核糖体生物发生是一个能量昂贵的计划,由营养的可用性决定。在这里,我们报道营养剥夺严重损害前体核糖体RNA(前rRNA)的加工,并导致未加工rRNA的积累。营养恢复后,饥饿状态下储存的前rrna被加工成成熟rrna,用于核糖体生物发生。营养胁迫下未能积累前rRNAs导致营养恢复时核糖体装配紊乱,随后通过uL5/uL18介导的p53激活导致细胞凋亡。单独恢复谷氨酰胺通过触发uL5/uL18翻译激活p53。谷氨酰胺对uL5/uL18蛋白合成的诱导依赖于翻译因子真核延伸因子2 (eEF2),后者又依赖于Raf/MEK/ERK信号传导。剥夺细胞的谷氨酰胺可防止rRNA合成抑制剂激活p53。我们的数据揭示了一种机制,肿瘤细胞可以利用这种机制在环境养分有效性波动期间抑制p53介导的凋亡。

介绍

实体瘤超过了它们的血液供应,并形成缺氧和缺乏营养的组织微环境1,2。这种微环境的特征是慢性缺氧,并且通常位于距离血管180米以上的地方3,4。另一种类型的缺氧——称为“循环缺氧”——源于未成熟脉管系统的短暂关闭,可导致“复氧损伤”,即自由基合成增加导致氧化应激和组织损伤5,6。随着缺氧,不稳定的血液供应也导致肿瘤微环境中营养可用性的大幅波动7。营养剥夺严重抑制肿瘤细胞增殖,但选择显示增加的血管生成和转移能力的侵袭性细胞8,9.
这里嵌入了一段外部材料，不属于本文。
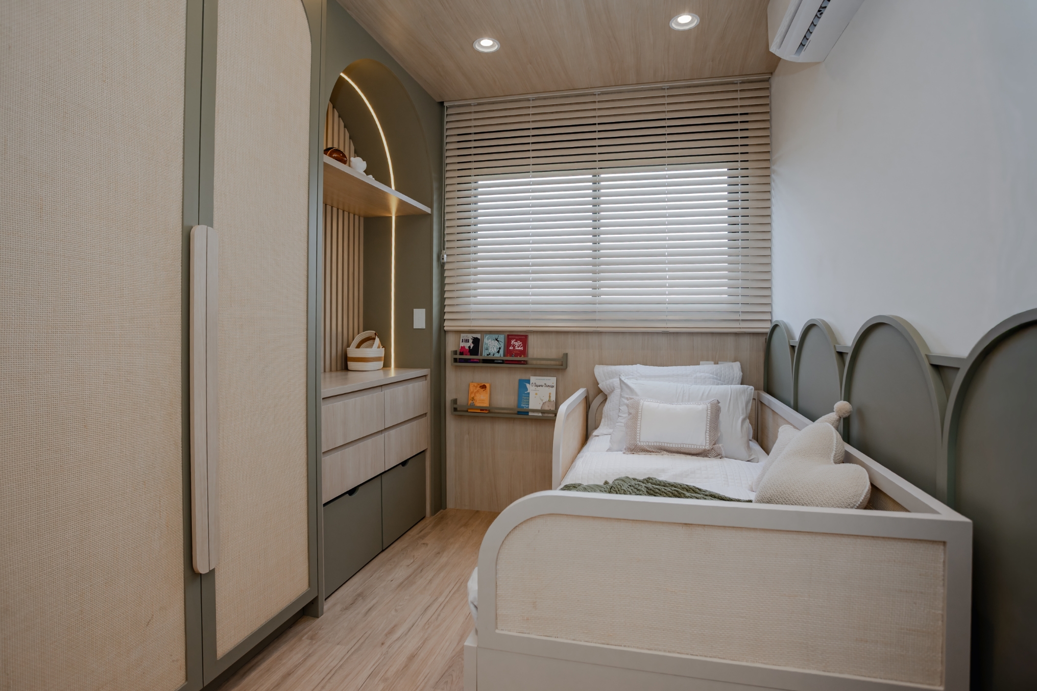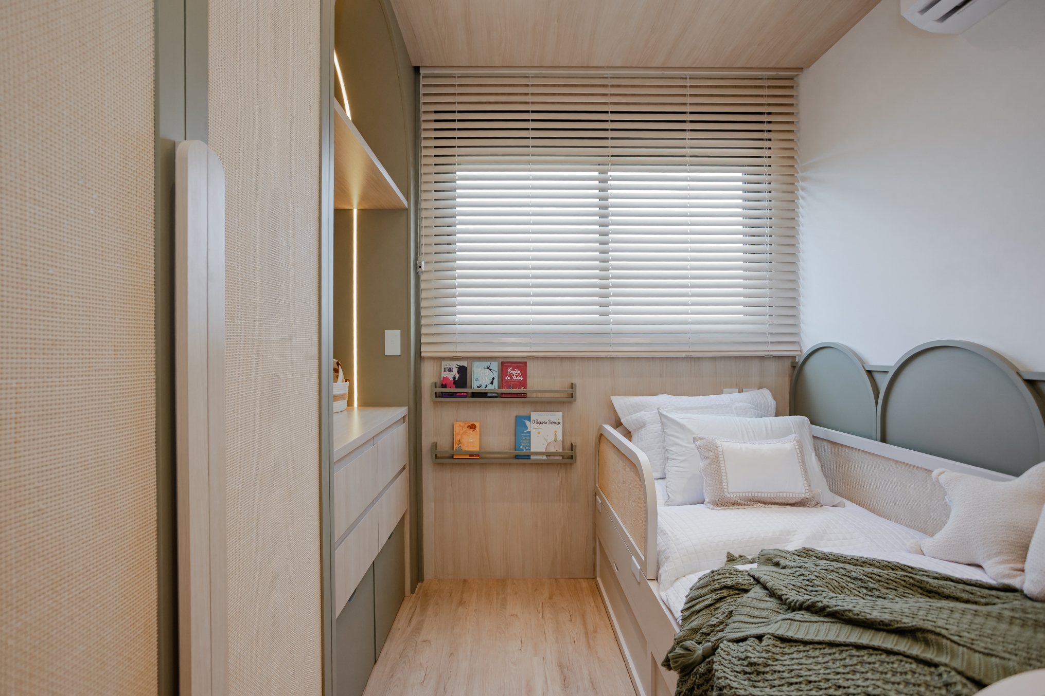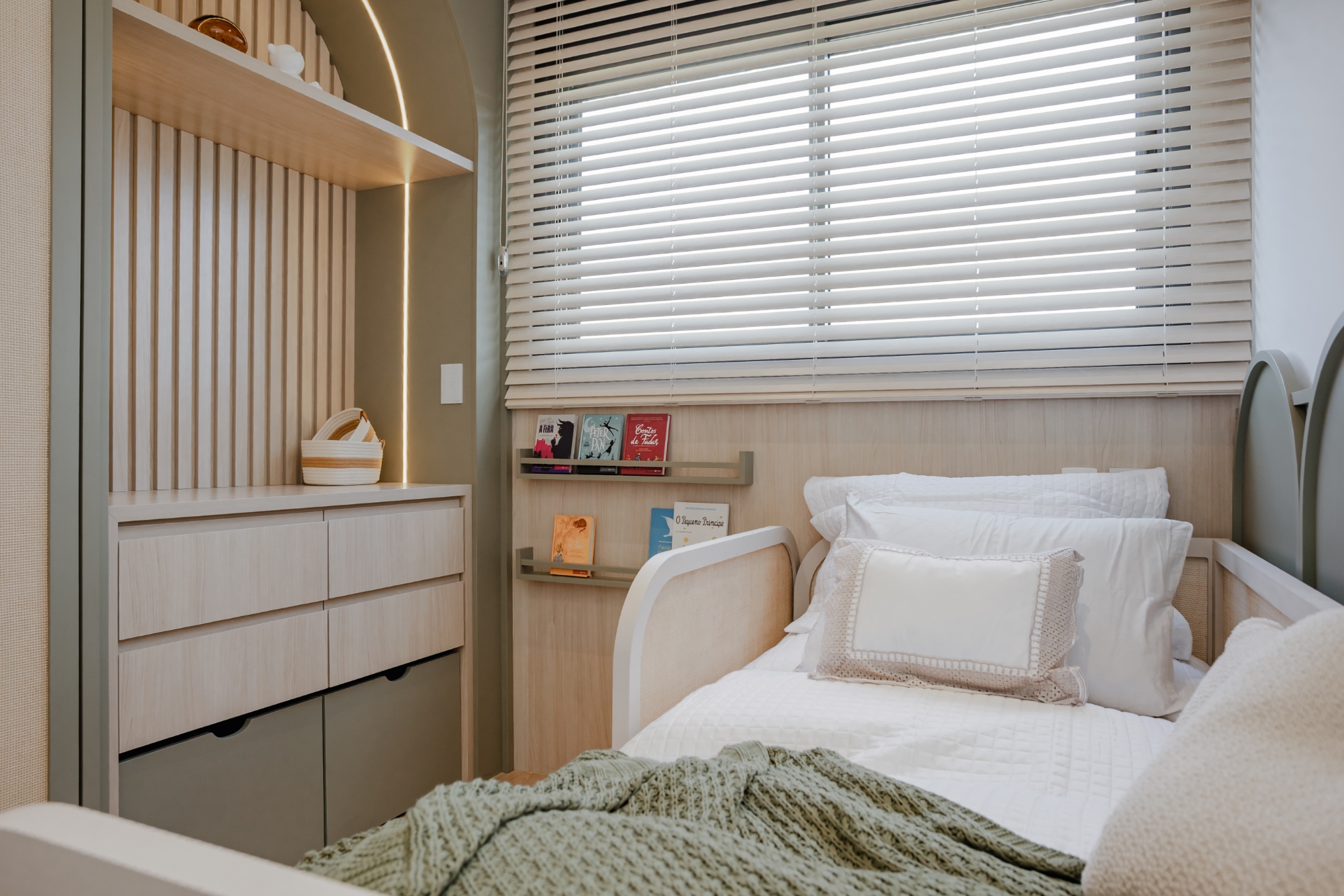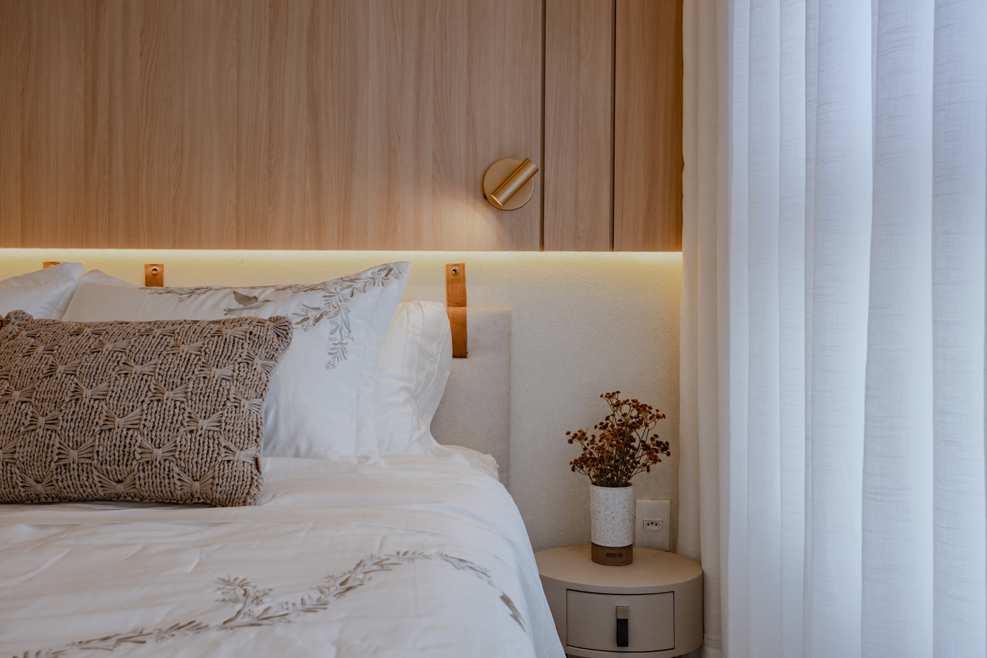 Em todo o projeto, predominam tons suaves e a presença delicada da palha, que contribuem para uma atmosfera serena e acolhedora.

为了在代谢应激期间保持能量平衡,肿瘤细胞进化出适应性机制,以减弱营养缺乏下消耗ATP的过程10,11,12。这些适应包括抑制蛋白质合成,这是细胞中最耗能的过程12。例如,真核延伸因子2激酶(eEF2K)在营养限制下被激活并抑制翻译延伸因子eEF2,从而抑制整体蛋白质合成并促进营养耗尽下的细胞存活2。代谢应激抑制哺乳动物雷帕霉素复合物1的靶标13。这通过激活eIF4E结合蛋白1 (4E-BP1)来抑制帽结合翻译起始因子eIF4E,从而削弱mRNA翻译起始13。营养胁迫还触发整合应激反应(ISR),导致翻译因子eIF2α失活,从而抑制翻译起始并促进包括ATF4在内的胁迫适应性蛋白的合成14。另一个关键的适应是RNA聚合酶I (Pol I)对rRNA合成的抑制,它占总细胞转录的60%15,16。mTORC1和AMP活化蛋白激酶(AMPK)通过磷酸化TIF-IA相互调节前rRNA生物合成,后者是将Pol I锚定在rDNA启动子上的蛋白质复合物15,16。虽然对营养剥夺的致癌适应已经被很好地表征,但是还不知道饥饿的肿瘤细胞如何在营养恢复后恢复增殖能力。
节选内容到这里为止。